Мой сын, сейчас я молю Бога Авраама, чтобы он привел тебя к тайнику этого сокровища, оставленного нищим человеком. Что есть сил я молю всем сердцем и с большим отчаянием, чем бы я молил его смилостивиться над моей душой, о том, чтобы скоро настал день, когда ты, мой сын, прочтешь эти слова.
Не суди меня, ибо это во власти одного лишь Бога. Лучше думай обо мне в трудные часы и помни, что я любил тебя больше всех. А когда наш Мессия явится у ворот Иерусалима, внимательно всмотрись в лица тех, кто пойдут следом за ним, и, если на то будет Божья воля, среди них ты узришь лицо своего отца.
В полном изумлении Бенджамен откинулся на спинку стула. Это совершенно невероятно! Боже мой, Уезерби, ты оказался прав лишь наполовину. Нет сомнений, эти свитки ценны. Они представляют археологическую находку, которая потрясет «цивилизованный мир». Это точно. Но ты нашел и кое-что другое.
Бен почувствовал, что его охватывает волнение. Ты нашел нечто большее…
Чтобы немного размяться и восстановить кровообращение, тридцатишестилетний палеограф встал, подошел к окну и прижался лбом к стеклу. Помимо своего отражения – очки в роговой оправе, светлые волосы и гладкое лицо, – помимо смутных очертаний кабинета, он увидел, как яркие огни западного Лос-Анджелеса мигают ему в ответ.
За окном было темно. Дождь прекратился, оставив после себя прозрачную пелену. В Лос-Анджелесе настал холодный ноябрьский вечер, но Бен не замечал этого. Бенджамен Мессер, переводя какой-нибудь древний текст, как всегда, на время забывал обо всем и с головой уходил в алфавит и синтаксис давно усопших авторов.

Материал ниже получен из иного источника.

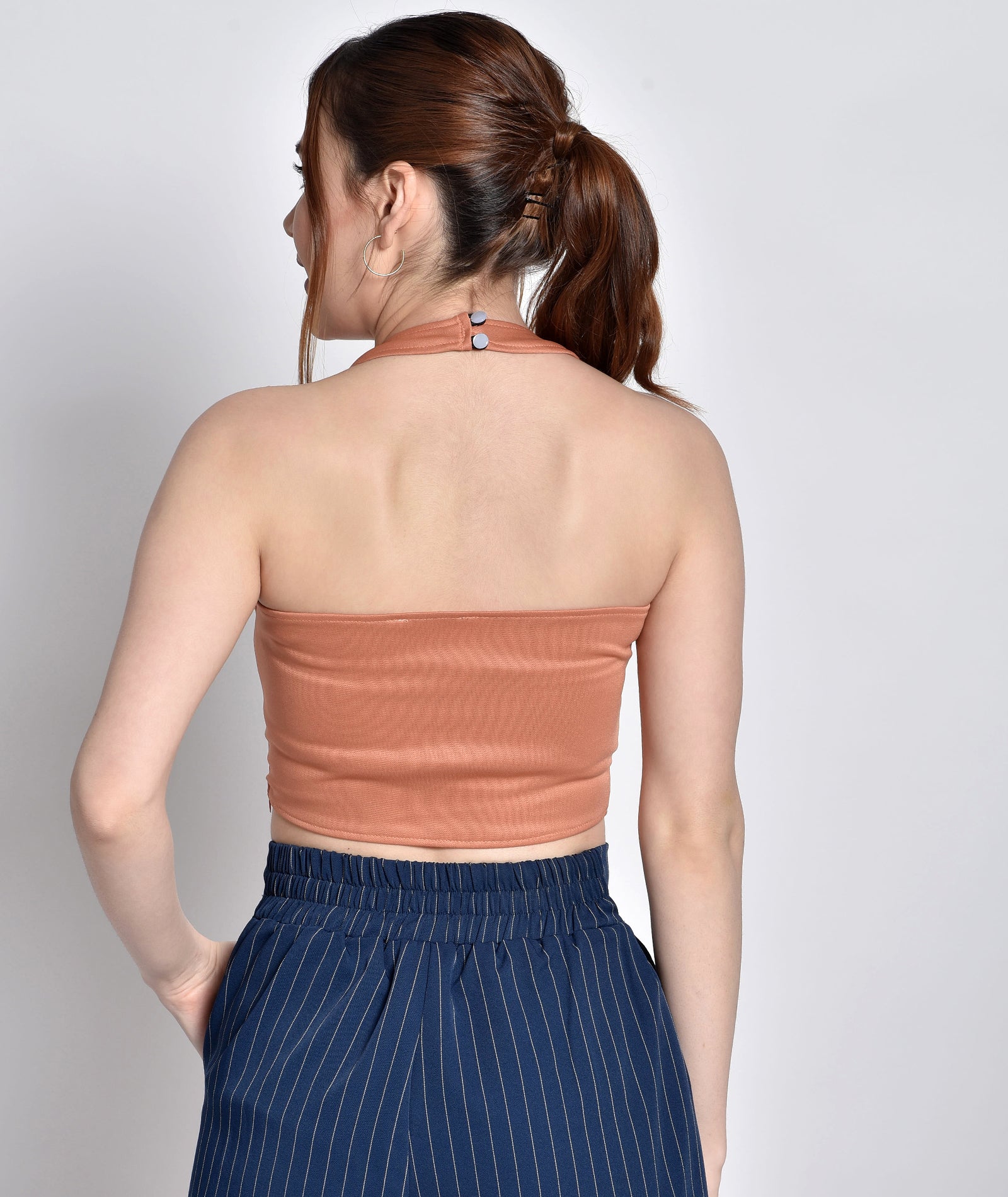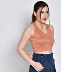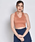 Chimpaaanzee Women Halter Neck Peach Bodycon Top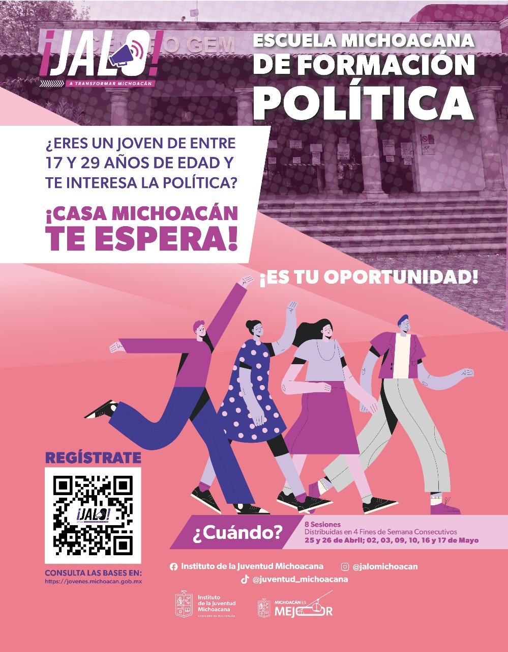 Morelia, Michoacán, 16 de abril de 2025.- Con la finalidad de garantizar la correcta formación política de las y los jóvenes de Michoacán, el Instituto de la Juventud Michoacana llevará a cabo la primera edición de la Escuela Michoacana de Formación Política, como parte del programa Jalo a Transformar Michoacán.

Неизвестных и безымянных авторов.
За исключением этого.
Он медленно обернулся и какое-то время пристально смотрел на свой письменный стол. Кольцо яркого света от настольной лампы освещало небольшое пространство, остальная часть комнаты погрузилась в темноту.
«За исключением этого», – вывод крепко засел в мозгу.
«Как удивительно, – подумал он, – что нашлось несколько свитков, написанных не священником, а заурядным человеком, к тому же они оказались чем-то вроде личного письма, а не сводом привычных религиозных проповедей. Разве такое возможно? И если Джон Уезерби действительно нашел давно потерянное письмо рядового человека, жившего две тысячи лет назад, то какой ценностью обладает это открытие? Нет сомнений, «исключительно высокой». Его точно можно поставить в один ряд с обнаружением гробницы Тутанхамона или Трои – Шлиманом. Ибо если эти слова принадлежат обычному гражданину, который пишет, преследуя личные цели, тогда свитки являются первой находкой подобного рода за всю историю!»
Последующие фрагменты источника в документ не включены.